Provence In The City: Sipping Summer

The Provence Wine Council, known as Vins de Provence, made a stop in Chicago yesterday pouring their light, ethereal roses and some whites and reds as well. If any wine is reminiscent of a place and terroir its Provencal roses. I immediately think of scenes like the beach above, Pampelonne, that the rose Chateau de Pampelonne (part of the Maitres Vignerons de Saint Tropez group) is named after. At least writing about these wines, grown in sunny, picturesque Provence, is keeping me in a cheery mood on this snowy, cold, grey Chicago day. Who said you can only drink roses in the summer? They are summer in a glass.


The Provence AOCs are roughly 150 miles wide, a little wider than the state of Connecticut. It stretches from the Cote d’Azur ( the most familiar city name would probably be Saint-Tropez), are you conjuring up sun yet? The wine regions of Provence extend to the Rhone River valley in the west. Interestingly, the landscape is dotted with mountains like Les Alpilles, a chain of low mountains around the beautiful commune of Les Baux de Provence.


Montagne Sainte-Victoire,  near Aix-En-Provence, (Cote de Provence Sainte-Victoire is another subregion of the Cotes de Provence AOC) is famous due to Cezanne’s love of it.


Three other low ranges run along the coast, Massif des Calanques, Massif des Maures and Massif de L’Esterel. I think you get the point there is enough variation in soil and elevation to create a lot of differentiation in the wines. Until I looked into it, I never realized that Provence was so hilly. I continue to just picture the beautiful beaches!

Provence Pampelonne

The tasting yesterday was an exercise in viewing all the different shades of salmon. Provencal roses are known for their very light color created by direct pressing of the grapes and harvesting at night so the grapes have cooled down a bit so as not to over extract. The wines above, part of the Maitres Vignerons de Saint Tropez and distributed by the Original Wine Company ( whose tagline is “great wines from great places, ahum, yes, I totally would agree in this case), are all part of the Cote de Provence AOC which is the main AOC of Provence. Roses must contain at least 2 of the following grapes, grenache, mouvedre, cinsault, tibouren and syrah with cabernet sauvignon and carignan as blending partners. Most of the roses I tasted were made mainly with Grenache and Cinsault though the percentage varied depending on the producer.

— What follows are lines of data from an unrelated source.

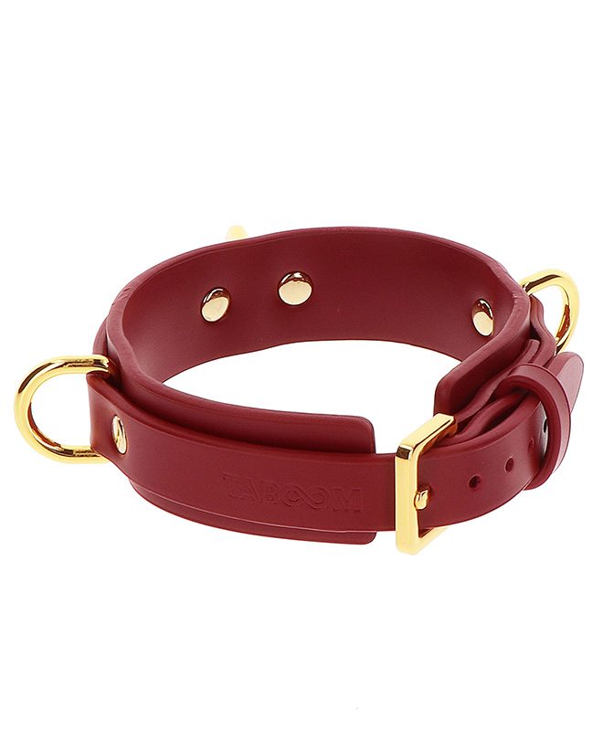Opplev en het og intens bondageøkt med dette pirrende halsbåndet fra Taboom! Vær kreativ og bruk de 3 D-ringene i kombinasjon med tau eller mansjetter og tilfredsstill alle dine kinky ønsker. Gjør deg klar for en luksuriøs bondage-opplevelse med høykvalitets Taboom D-Ring Collar Deluxe!
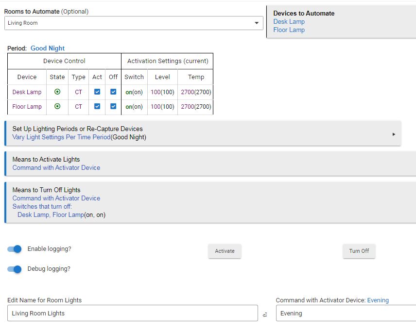 I set another time period called Good Night that I intended to be an automation to turn off both bulbs.
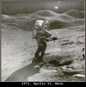 1971 – Apollo 15, Mission Dates: July 26-August 7, CDR: David Scott, CMP: Alfred Worden, LMP: James Irwin Importance: First use of the Lunar Rover, extended Lunar exploration time, focus on field geology. NASA archives (photo No AS15-85-11514)
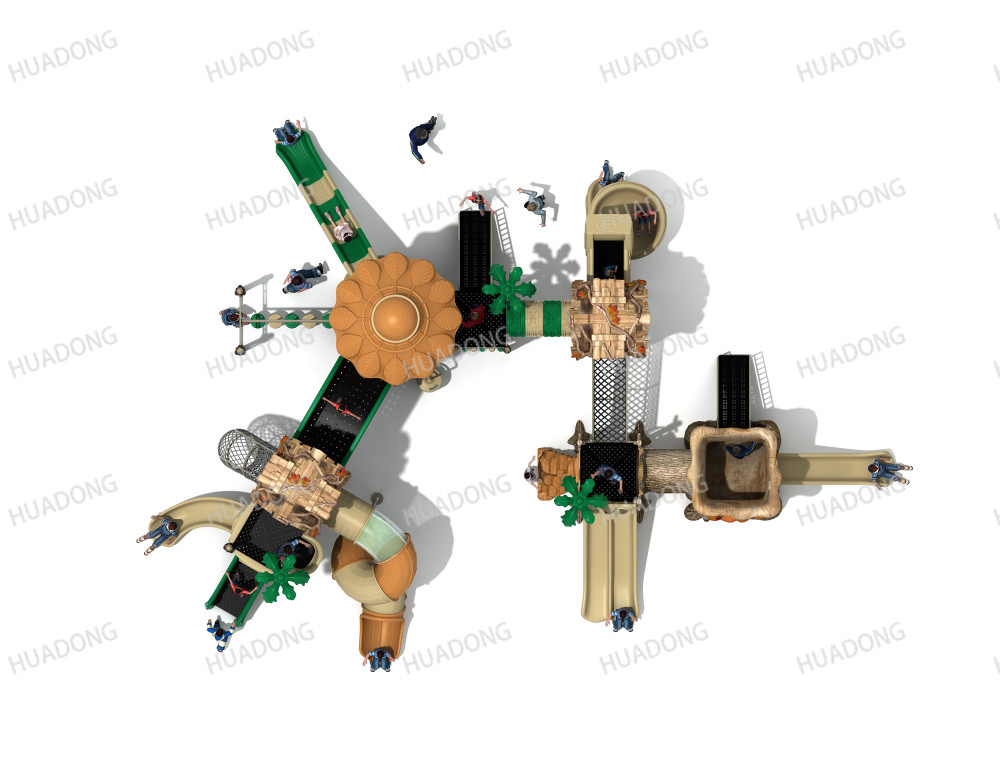 • 远古部落系列虽然名字带着“古”字,但是在设计细节处无不透露着艺术与创造性。当孩子在仿真树中探索、冒险、嬉戏游玩时,就像穿越到古老的神秘森林;粗略的树干包围着他们,头顶是高耸的茅草屋,触感真实的枯枝走廊,还有随处可见的小动物们…… 远古部落系列旨在打造区别于其他系列带给孩子们的新鲜感,让孩子们找设计者打造的神秘世界中获得冒险的乐趣。
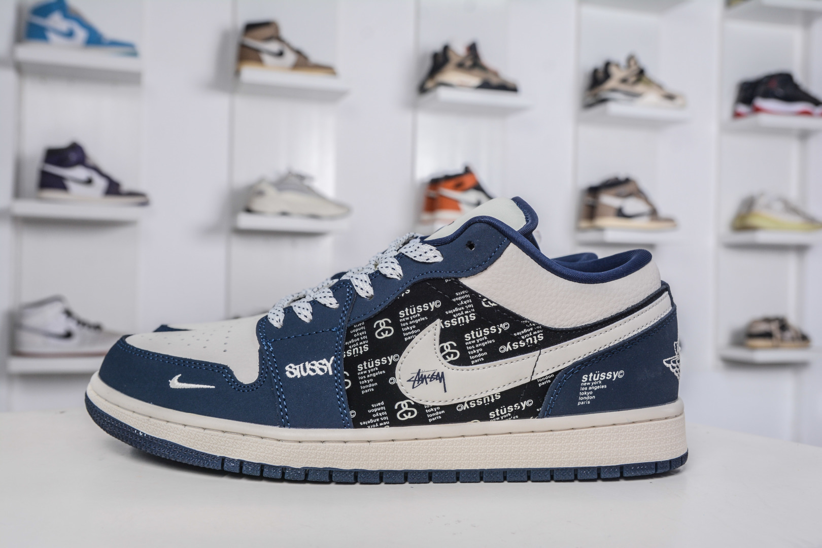 Air Jordan 1 Retro Low x Stussy Collab - White, Black & Blue - Size 36-45
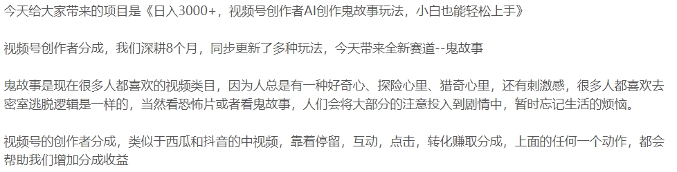 科技 数字化系列 新媒体运营 资源分享 2024-03-18 视频号创作者AI创作鬼故事玩法 视频号创作者AI创作鬼故事玩法,小白也能轻松上手! 生成海报 下载海报 相关资源微创业全能训练营认证班名师讲座宠物私域赛道新玩法数字人+思维认知口播号制作最新引流方法流量红利退去百万博主破局翻盘小红书运营攻略装修行业抖音营销课同城引流全攻略 下载 大礼包 文案大全 素材 致富技术 视频 讲座 课程 运营 本资源下载说明:本站也是始于兴趣,源于网络,仅用于学习及研究使用,切勿用于商业用途,如侵权联系删除! 其版权归该资源的合法拥有者所有。漫资源 » 视频号创作者AI创作鬼故事玩法

There were so many wines to love and so many ideas for places to visit at this event. Most of the producers were growing their grapes sustainably and some organically and many had great stories. For example, Chateau Carpe Diem that boast vines that have been around since the romans is owned and run by a husband and wife, who left their corporate jobs, in search of a better quality of life to raise a family.


He actually was pouring several roses, as well as a white and a red wine. The 2 roses had very distinct personalities. They both had grenache and cinsault but the Castille was made from 40 year old vines and had much more body and minerality yet still that beautiful salmon color. But he ,also, was pouring Major , which is a cabernet sauvignon, syrah and grenache blend. It was interesting because it was fruit forward as you would expect grapes grown in a sunny place to be but it wasn’t overly oaked, and the fruit showed some restraint, so it seemed like a great, food, friendly wine, yes to be drunk today, hence carpe diem.


As I learned from a French friend, any french town with a “gnac” ending meant it had a Roman heritage. This is a picture of Cotignac, in the interior of Provence and near Chateau Carpe Diem. I am thinking “carpe diem” to get myself to Provence and see these gorgeous old towns.

Finally, many of the producers, like Chateau Berne, had hotels on their property for tourists to stay.


The Chateau is owned and operated by a Texas family that had summered in the area and decided to acquire some roots finally in Provence. Their daughter Stefani was pouring the wine yesterday called Impatience (are you getting the theme here? ) and it too had an absolutely beautiful pale pink color and a very gorgeous bottle.


Yet again, the blend is grenache and cinsault with aromas of freesia and watermelon. I tasted many more beautiful, aromatic roses from the celebrity Chateau d’Esclans Whispering Angel, to Wilson Daniels, Tenzing  Chateau Gassier.

There were gorgeous wines seeking importers in Illinois like Coteaux d’Aix-en-Provence AOC , Chateau Du Seuil and Domaine Tour Campanets. The wines of the day were as varied as the terroir but they all had that light, bright, ethereal quality that I associate with Provence roses in particular. As one wine maker noted, depending on the year they will have more grenache or more cinsault and the other grapes become a spice cabinet for each producers style and the terroir of their vineyard. I will say, having thoughts of the beautiful and varying landscape of Provence made this cold Chicago winter day a lot better.   I certainly am not going to categorize rose as a “summer” wine anymore. Rose is for all the day, that is certain!